Note that gene names and protein names can be equal. For SPATA2 to differentiate between them they must be named differently. When created with initiateSpataObjectVisium(), protein names are forced into lower case.

proteins <- getProteins(object)

str(proteins)

##  chr [1:34] "cd163" "cr2" "pcna" "vim" "krt5" "cd68" "ceacam8" "ptprc" ...

genes <- getGenes(object)

str(genes)

##  chr [1:18085] "SAMD11" "NOC2L" "KLHL17" "PLEKHN1" "PERM1" "HES4" "ISG15" ...

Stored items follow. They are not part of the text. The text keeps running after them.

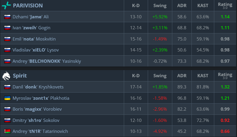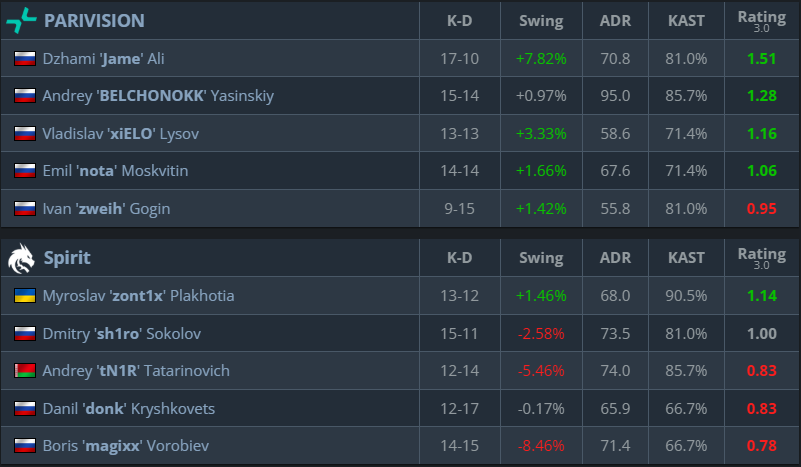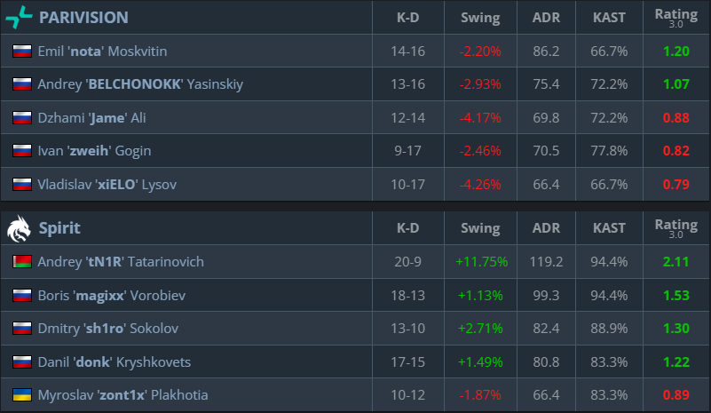 In the second half, even after losing the pistol round, PARIVISION kept their defense strong. BELCHONOKK stood out with a great rating and high-impact plays, helping the team win key rounds. PARIVISION finished the map 13-8 to win the series and shock Spirit.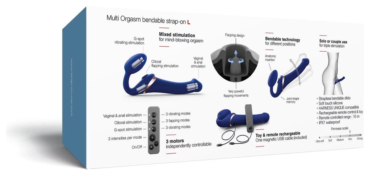 Strap-On-Me Multi Orgasm сочетает в себе элегантность и современность. Вибрирующий страпон оснащен 3 независимыми моторами, которыми можно управлять на расстоянии с помощью пульта дистанционного управления. Multi Orgasm изготовлен из силикона, без швов, с мягкой эластичной текстурой для комфортного проникновения. Водонепроницаемость IPX7. Точки стимуляции полностью оправдывают название страпона Multi Orgasm: 1. Мотор на самом конце стимулятора действует на простату в зависимости от вашей фантазии. 2. Мотор внутри втулки стимулирует активного партнера в точке G. 3. Третий мотор в зоне прилегающие ко входу во влагалище активного партнера дополнительно стимулирует вибрацией. Помимо трех моторчиков страпон оснащен дополнительным вакуумным стимулятором в области клитора. Страпон Multi Orgasm сочетающий в себе и вибрации и давление воздухом подарит по-настоящему яркие ощущения! Рабочая длина - 15,7 см, диаметр - 4,2 см. Диаметр вагинальной пробки - 3,9 см.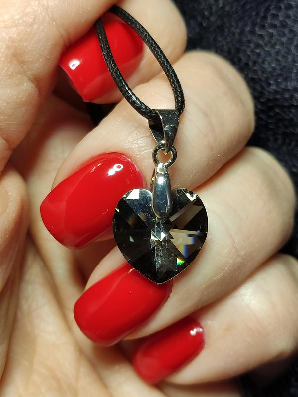 Маленьке чорне сердечко 🖤, а блиску багато✨ Кулон на вощеному шнурі. Кулон на меморі проволоці(проволока з пам'яттю, добре тримає форму) Сердечко «Preciosa (Чехия) Ornela» в чорному кольрі у вигляді кулону та срібного кольору фурнітурі.

This allows to refer to either gene or protein more conveniently and unambiguously.

# plot left - gene
plotSurface(object, color_by = "cd4")

# plot right - protein
plotSurface(object, color_by = "CD4")

If you want to extract data matrices, you can rely on the activeAssay() system. Alternatively, you can always specify the assay of interest with the argument assay_name.

# currently gene
activeAssay(object)

## [1] "gene"

# gene counts
gcount_mtr <- getCountMatrix(object)

str(gcount_mtr)

## Formal class 'dgCMatrix' [package "Matrix"] with 6 slots
##   ..@ i       : int [1:34215510] 11 12 16 17 19 20 21 23 25 26 ...
##   ..@ p       : int [1:4195] 0 8790 17541 24451 32174 40302 49340 57399 66681 74474 ...
##   ..@ Dim     : int [1:2] 18085 4194
##   ..@ Dimnames:List of 2
##   .. ..$ : chr [1:18085] "SAMD11" "NOC2L" "KLHL17" "PLEKHN1" ...
##   .. ..$ : chr [1:4194] "AACACGTGCATCGCAC-1" "AACACTTGGCAAGGAA-1" "AACAGGAAGAGCATAG-1" "AACAGGATTCATAGTT-1" ...
##   ..@ x       : num [1:34215510] 1 1 1 1 1 4 4 3 3 18 ...
##   ..@ factors : list()

# protein counts
pcount_mtr <- getCountMatrix(object, assay_name = "protein")

str(pcount_mtr)

## Formal class 'dgCMatrix' [package "Matrix"] with 6 slots
##   ..@ i       : int [1:142550] 0 1 2 3 4 5 6 7 8 9 ...
##   ..@ p       : int [1:4195] 0 34 68 102 136 170 204 238 272 306 ...
##   ..@ Dim     : int [1:2] 34 4194
##   ..@ Dimnames:List of 2
##   .. ..$ : chr [1:34] "cd163" "cr2" "pcna" "vim" ...
##   .. ..$ : chr [1:4194] "AACACGTGCATCGCAC-1" "AACACTTGGCAAGGAA-1" "AACAGGAAGAGCATAG-1" "AACAGGATTCATAGTT-1" ...
##   ..@ x       : num [1:142550] 19675 35856 57685 48611 4606 ...
##   ..@ factors : list()

5. Conclusion

For all functions presented in this tutorial, there exists a general function as well as wrappers for specific modalities. The general function always works but requires specifying the assay of interest with the argument assay_name.